I'm also having to set a new id against the messages when they are enqued if we want to later remove them on a setTimeout, I'm using a value of _qttlid and generating a unique id similar to the _msgid as you noted we can't rely on using the _msgid to uniquely identify a message in the queue because messages could be cloned earlier in the flow. I'm currently not stripping this ID value when messages are dequeued its an _ value and should be pretty safe to leave and not conflict with anything, if a user had a real issue with the value being in the message they could choose to remove it themselves with a change node after the queue. Stripping it in the node would add a lot of lines as there are several places a message can be sent from the queue.

The expire function itself is a little more complicated than I'd like but everything after the filter method is in order to update the status with the new length of the queue when a message has been expired, and because this is occring in a setTimeout we need to pass in various references to the node and the current state, otherwise you have some edge cases where you could try to expire a message having switched the state of the queue into open/closed and then wrongly update the status.

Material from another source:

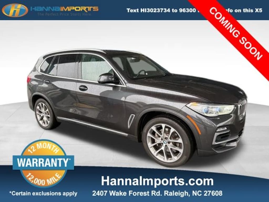 Why shop with Hanna Imports? We specialize in hand-selecting top-quality used cars, trucks, and SUVs for drivers across Raleigh, Durham, Cary, Chapel Hill, and the greater Triangle area of North Carolina. Our massive selection of 1,000+ vehicles on our Raleigh lot is carefully curated to include the most sought-after models, all priced below market value. We believe in transparency and efficiencyâ"our vehicles are aggressively priced from the start, which means no haggling, no hassle, and no wasted time. The price you see is our absolute best price. Whether you're coming from Wake Forest, Apex, Garner, or anywhere in central NC, weâre committed to making your car-buying experience smooth, affordable, and enjoyable. Come see why Hanna Imports is one of the most trusted used car dealerships in North Carolina! Used BMW X5 in Raleigh. Used BMW X5 in North Carolina, Connected Package Pro, Driving Assistance Professional Package (Active Driving Assistant Pro and Extended Traffic Jam Assistant), Executive Package 3 (4-Zone Automatic Climate Control, Gesture Control, Glass Controls, Head-Up Display, Icon Adaptive LED Headlights w/Laserlight, Panoramic Sky Lounge LED Roof, Rear Manual Side Window Shades, and Remote Engine Start), Luxury Seating Package 2 (Front Massaging Seats, Front Ventilated Seats, and Multi-Contour Seats), Parking Assistance Package (Active Park Distance Control, Drive Recorder, Parking Assistant Plus, Rear-View Camera, and Surround View w/3D View), X5 xDrive40i, Canberra Beige Canberra Beige Vernasca Ltr, Apple CarPlay Compatibility, Exterior Parking Camera Rear, Navigation System, 10 Speakers, 4-Wheel Disc Brakes, ABS brakes, Air Conditioning, Alloy wheels, AM/FM radio: SiriusXM with 360L, AM/FM Stereo, Apple CarPlay & Android Auto Compatibility, Auto High-beam Headlights, Auto tilt-away steering wheel, Auto-dimming door mirrors, Auto-dimming Rear-View mirror, Automatic temperature control, Axle Ratio: 3.385, BMW Assist eCall, BMW TeleServices, Brake assist, Bumpers: body-color, Compass, ConnectedDrive Services, Delay-off headlights, Driver door bin, Driver vanity mirror, Dual front impact airbags, Dual front side impact airbags, Electronic Stability Control, Emergency communication system: BMW Assist eCall, Four wheel independent suspension, Front & Rear Heated Seats, Front anti-roll bar, Front Bucket Seats, Front Center Armrest, Front dual zone A/C, Front fog lights, Front Massaging Seats (DISC), Front reading lights, Fully automatic headlights, Garage door transmitter, Genuine wood console insert, Genuine wood dashboard insert, Genuine wood door panel insert, Head restraints memory, Heated door mirrors, Heated Front Seats, Heated front seats, Heated Front Seats w/Armrests & Steering Wheel, Hi-Fi Sound System, Illuminated entry, Knee airbag, Leather Shift Knob, Leather steering wheel, Live Cockpit Pro w/Navigation, Low tire pressure warning, Lumbar Support, Memory seat, Occupant sensing airbag, Outside temperature display, Overhead airbag, Panic alarm, Passenger door bin, Passenger vanity mirror, Power adjustable front head restraints, Power door mirrors, Pow

The final issue I'm thinking about is what to do with expired messages, (and for that matter ones removed in a renege) The options are: Do nothing, they just silently vanish Use a node.log to report the ID in the nodered log to aid in debugging. Add an option for a second output port on the node and send the expired or reneged messages out there? Again I'd welcome your thoughts here, to me this doesn't feel as important with the renege as that is invoked on the message by an external event so you could use that to notify whatever other parts are needed but the TTL is the node doing something automatically so if feels like you might want to know about expriring messages and possibly route them to some kind of dead letter queue?

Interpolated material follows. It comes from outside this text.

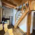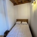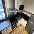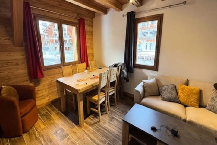 Inside, the duplex apartment is designed to accommodate up to five guests in style and comfort. The main floor features a welcoming entrance hall with a wardrobe, a fully equipped kitchen with modern appliances, and a cozy living room complete with a television and a comfortable sofa. The dining area, with its wooden table and chairs, invites you to share meals and stories after a day on the slopes. The main bedroom offers a double bed with plush bedding, while the upstairs refuge-style area under the beams provides additional sleeping arrangements with three single beds. A sleek shower room, separate WC, and heated ski locker add to the convenience.

sammachin avatar May 09 '21 08:05 sammachin

Sorry to have let this discussion go dormant for so long; personal issues keep pushing it to the back of the queue :). If you could continue to use your fork of the node a while longer, I would like to consider some major changes to enable several features in addition to reneging. These would give the node most of the capabilities found in advanced queueing systems.

The basic idea is that by selecting a checkbox in the edit dialog, the user could enable the following features and modify the associated parameters:

  1. Reneging, both on command and because time-to-live has expired.
  2. Balking, when a message refuses to enter the queue or cannot, either because the queue is full or because its length is greater than a value specified by a message property.
  3. Bumping. A message enters the queue and forces another message to be dropped. (This is the behavior of a full queue with the "keep newest" option selected.)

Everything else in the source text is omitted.